Problem statement:
What is needed is an exact copy of the records below, with the pictures left out.

** Exercise data follows **

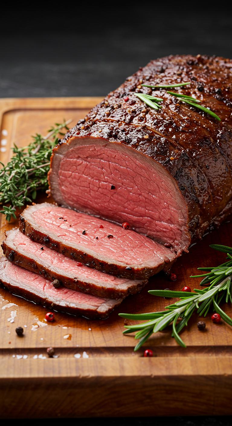 - Roast for about 1.5 hours or until medium-rare; let it rest before slicing.
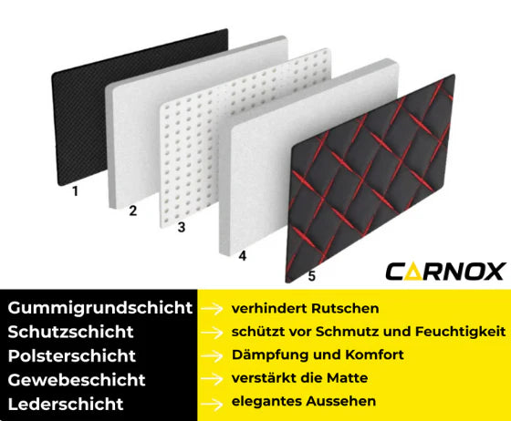 Mit den maßgeschneiderten CARNOX Luxus-Fußmatten hebst du den gesamten Innenraum auf ein neues Level.
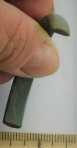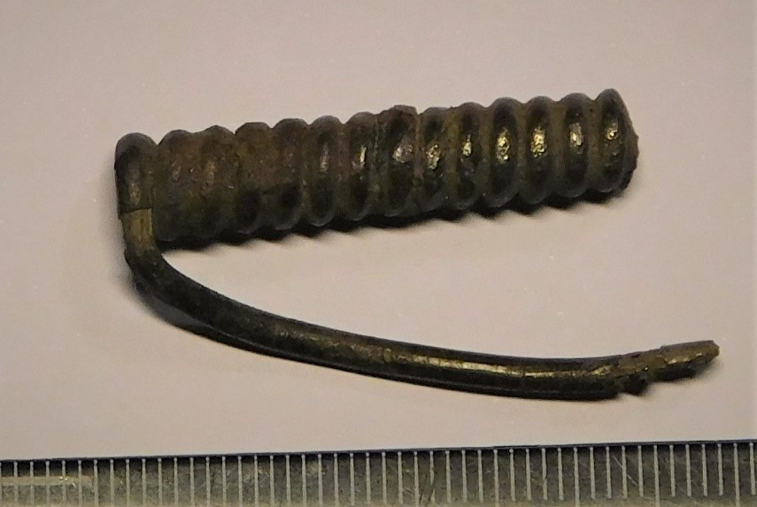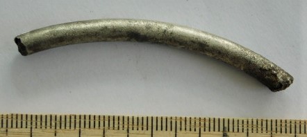 Ambsõle katke, hõbe. Ümber raudvarda keeratud spiraaltelg koos pinge katkega. Hõbedast pinge ristlõige muidu ümar, aga katke lõpus muutub lamedaks – on ilmselt olnud kinnitatud kaare külge.
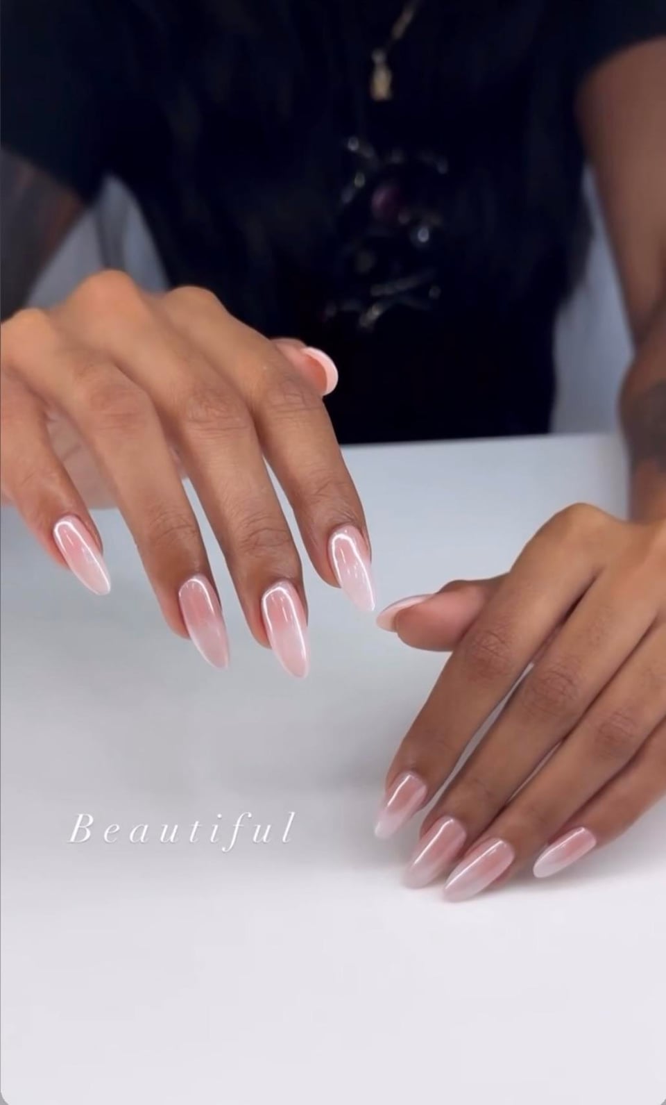 Taken from her insta. Pink/white ombré with chrome on top
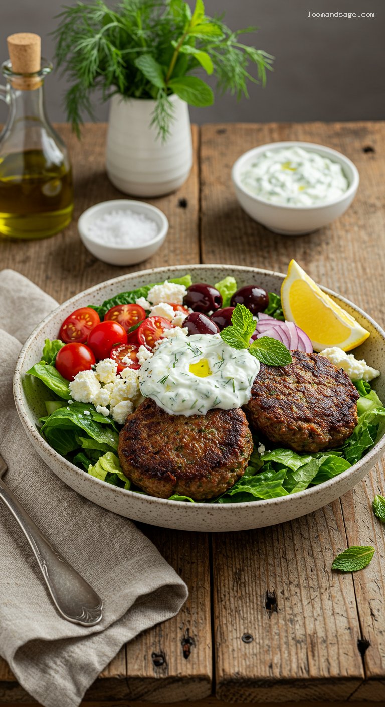 Herby lamb patties with cucumber, tomato, olives, and feta over crisp romaine, drizzled with garlicky tzatziki and finished with a bright squeeze of lemon.
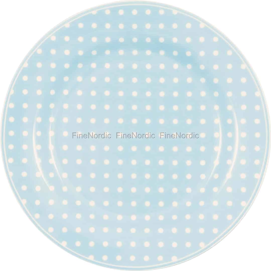 Se for deg et stykke varm sitronkake eller et nybakt wienerbrød servert på denne herlige tallerkenen. Tallerkenen Dotty Pale Blue fra GreenGate bringer et pust av glad nostalgi til bordet ditt, og forvandler enkle øyeblikk til kjære minner.
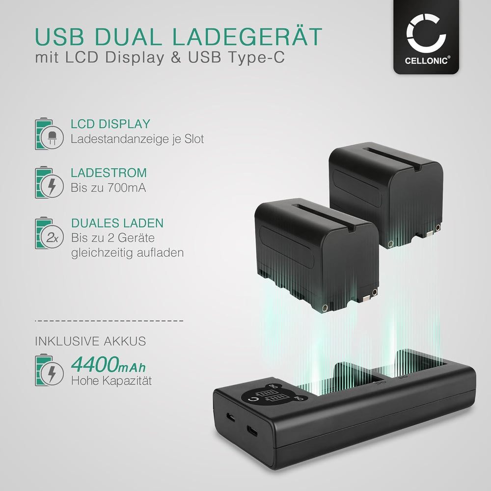 CELLONIC® 2X Akku NP-F970 NP-F960 NP-F570 NP-F770 kompatibel mit Sony NX100 NX5 HXR-MC2500 MC2000 VX
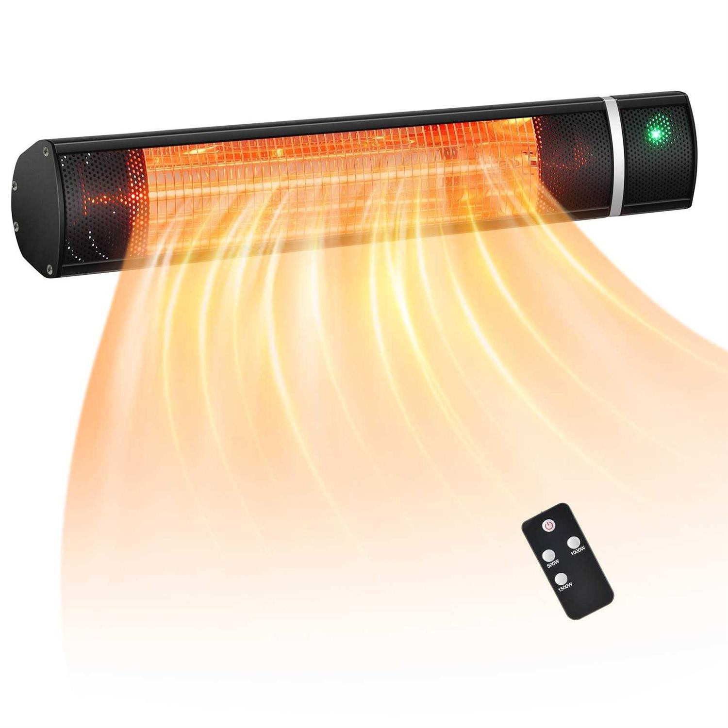 Costway Wall-Mounted Patio Heater 750W/1500W Infrared Heater with 9-Level Adjustable 24H Timer & Remote Control

** End of Exercise data **

Reply to the task:
 - Roast for about 1.5 hours or until medium-rare; let it rest before slicing.
 Mit den maßgeschneiderten CARNOX Luxus-Fußmatten hebst du den gesamten Innenraum auf ein neues Level.
 Ambsõle katke, hõbe. Ümber raudvarda keeratud spiraaltelg koos pinge katkega. Hõbedast pinge ristlõige muidu ümar, aga katke lõpus muutub lamedaks – on ilmselt olnud kinnitatud kaare külge.
 Taken from her insta. Pink/white ombré with chrome on top
 Herby lamb patties with cucumber, tomato, olives, and feta over crisp romaine, drizzled with garlicky tzatziki and finished with a bright squeeze of lemon.
 Se for deg et stykke varm sitronkake eller et nybakt wienerbrød servert på denne herlige tallerkenen. Tallerkenen Dotty Pale Blue fra GreenGate bringer et pust av glad nostalgi til bordet ditt, og forvandler enkle øyeblikk til kjære minner.
 CELLONIC® 2X Akku NP-F970 NP-F960 NP-F570 NP-F770 kompatibel mit Sony NX100 NX5 HXR-MC2500 MC2000 VX
 Costway Wall-Mounted Patio Heater 750W/1500W Infrared Heater with 9-Level Adjustable 24H Timer & Remote Control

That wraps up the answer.